Single by Snoop Dogg featuring R. Kelly

from the album Tha Blue Carpet Treatment
- B-side: "Crazy"
- Released: October 10, 2006
- Recorded: 2005–2006
- Genre: West Coast hip hop; R&B;
- Length: 4:17
- Label: Geffen; Doggystyle;
- Songwriters: Stanley Benton; Calvin Broadus; Tracy Curry; Robert Kelly;
- Producers: Nottz; Dr. Dre;

Snoop Dogg singles chronology
| "I Wanna Fuck You" (2006) | "That's That" (2006) | "Hollywood Divorce" (2006) |

R. Kelly singles chronology
| "Burn It Up" (2005) | "That's That" (2006) | "Go Getta" (2007) |

Music video
- "That's That Ft. R. Kelly" on YouTube

= That's That =

2006 single by Snoop Dogg

"That's That" (a euphemistic form of the title "That's That Shit") is the second single by Snoop Dogg from the album Tha Blue Carpet Treatment. The song was the first single taken from the album in the UK; however, the single only achieved notable success in the U.S., where it reached #20 on the Billboard Hot 100 chart. The song samples the melody played in the 1988 film Coming to America during the bathroom scene in which Eddie Murphy gets washed by female servants.

==Background==
Snoop Dogg spoke to AllHipHop.com about the track off Tha Blue Carpet Treatment which Dr. Dre produced and features R. Kelly. Snoop explained "Dr. Dre called me today. We’ve been working on my record. He helped me fix this song I did with R. Kelly. It was a hit record before I gave it Dre, but now it’s a super hit record. He made me strike all my vocals. That means, 'Take all your lyrics off, I don’t like ‘em. They’re wack.' I even go through that shit too. To this day, you know what I mean? I ain’t too big to take criticism. He made me take all my lyrics off and me and D.O.C. had to come up with some more shit that was just extraordinary." The title comes from Kelly repeatedly saying "That's that shit!" in the song.
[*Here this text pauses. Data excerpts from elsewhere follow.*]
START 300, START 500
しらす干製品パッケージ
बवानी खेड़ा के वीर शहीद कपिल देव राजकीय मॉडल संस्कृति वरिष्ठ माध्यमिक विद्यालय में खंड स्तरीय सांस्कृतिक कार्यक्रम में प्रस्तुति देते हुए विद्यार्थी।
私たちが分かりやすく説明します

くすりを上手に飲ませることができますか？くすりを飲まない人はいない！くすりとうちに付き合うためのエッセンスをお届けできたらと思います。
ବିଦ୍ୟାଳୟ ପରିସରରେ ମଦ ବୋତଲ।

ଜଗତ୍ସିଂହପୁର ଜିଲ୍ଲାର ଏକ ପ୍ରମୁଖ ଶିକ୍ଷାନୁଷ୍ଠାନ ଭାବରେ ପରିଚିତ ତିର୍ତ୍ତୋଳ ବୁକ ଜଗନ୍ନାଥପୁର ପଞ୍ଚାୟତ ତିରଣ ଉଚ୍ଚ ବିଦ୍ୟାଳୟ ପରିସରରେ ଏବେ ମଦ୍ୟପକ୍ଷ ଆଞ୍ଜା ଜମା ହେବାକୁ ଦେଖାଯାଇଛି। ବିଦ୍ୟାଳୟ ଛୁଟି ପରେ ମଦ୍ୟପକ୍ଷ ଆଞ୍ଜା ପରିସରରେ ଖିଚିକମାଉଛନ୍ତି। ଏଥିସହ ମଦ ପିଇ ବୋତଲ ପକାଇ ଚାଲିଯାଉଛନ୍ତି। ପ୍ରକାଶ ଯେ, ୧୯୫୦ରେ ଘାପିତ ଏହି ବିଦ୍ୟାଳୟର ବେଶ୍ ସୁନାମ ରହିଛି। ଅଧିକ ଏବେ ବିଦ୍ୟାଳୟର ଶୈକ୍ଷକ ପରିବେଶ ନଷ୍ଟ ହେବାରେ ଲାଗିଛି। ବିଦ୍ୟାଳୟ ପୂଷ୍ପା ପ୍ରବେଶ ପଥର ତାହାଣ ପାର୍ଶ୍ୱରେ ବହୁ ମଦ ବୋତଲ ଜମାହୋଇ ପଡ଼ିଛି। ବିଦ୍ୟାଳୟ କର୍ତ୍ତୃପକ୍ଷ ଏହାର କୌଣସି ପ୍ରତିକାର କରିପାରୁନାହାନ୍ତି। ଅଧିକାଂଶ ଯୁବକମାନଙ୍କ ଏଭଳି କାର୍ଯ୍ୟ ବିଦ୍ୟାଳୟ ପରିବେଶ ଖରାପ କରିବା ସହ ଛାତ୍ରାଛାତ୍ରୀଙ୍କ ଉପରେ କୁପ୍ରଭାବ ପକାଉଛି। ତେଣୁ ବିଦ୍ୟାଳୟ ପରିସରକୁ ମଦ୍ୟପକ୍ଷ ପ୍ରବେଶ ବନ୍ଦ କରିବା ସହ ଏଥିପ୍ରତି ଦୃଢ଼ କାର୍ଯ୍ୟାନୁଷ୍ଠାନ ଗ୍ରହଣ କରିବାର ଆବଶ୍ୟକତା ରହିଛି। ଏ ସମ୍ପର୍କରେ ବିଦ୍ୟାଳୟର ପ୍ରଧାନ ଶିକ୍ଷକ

The song was performed live at the MTV Europe Music Awards 2006, although Kelly wasn't present. The curiosity of the live act was that the intro of the song was the same cut as in the movie with the Victoria Dillard skit at the end, which was left unedited in the direct broadcast, though in the later reruns of the program, "penis" was censored. Though Kelly wasn't present here either, the song was also performed live at the 2006 BET Hip Hop Awards and at the 2006 American Music Awards. Kelly's part was playback in the events.

The song samples a skit from the Coming to America score, which Dr. Dre helped to mix into a single. However he worked on the original movie as well, as he provided the track "Comin' Correct" by J.J. Fad for the soundtrack. He was credited the producer.

==Music video==
The video premiered on MTV Tuesday, November 7 at 3:30pm EST on TRL. The album version differs from the video/single in its intro, whereas the lyrics includes the movie intro (see below), and R. Kelly answering "Thank you". The clean version has the title shortened to exclude profanity, and has R. Kelly's final solo hook its "sex" word taken out.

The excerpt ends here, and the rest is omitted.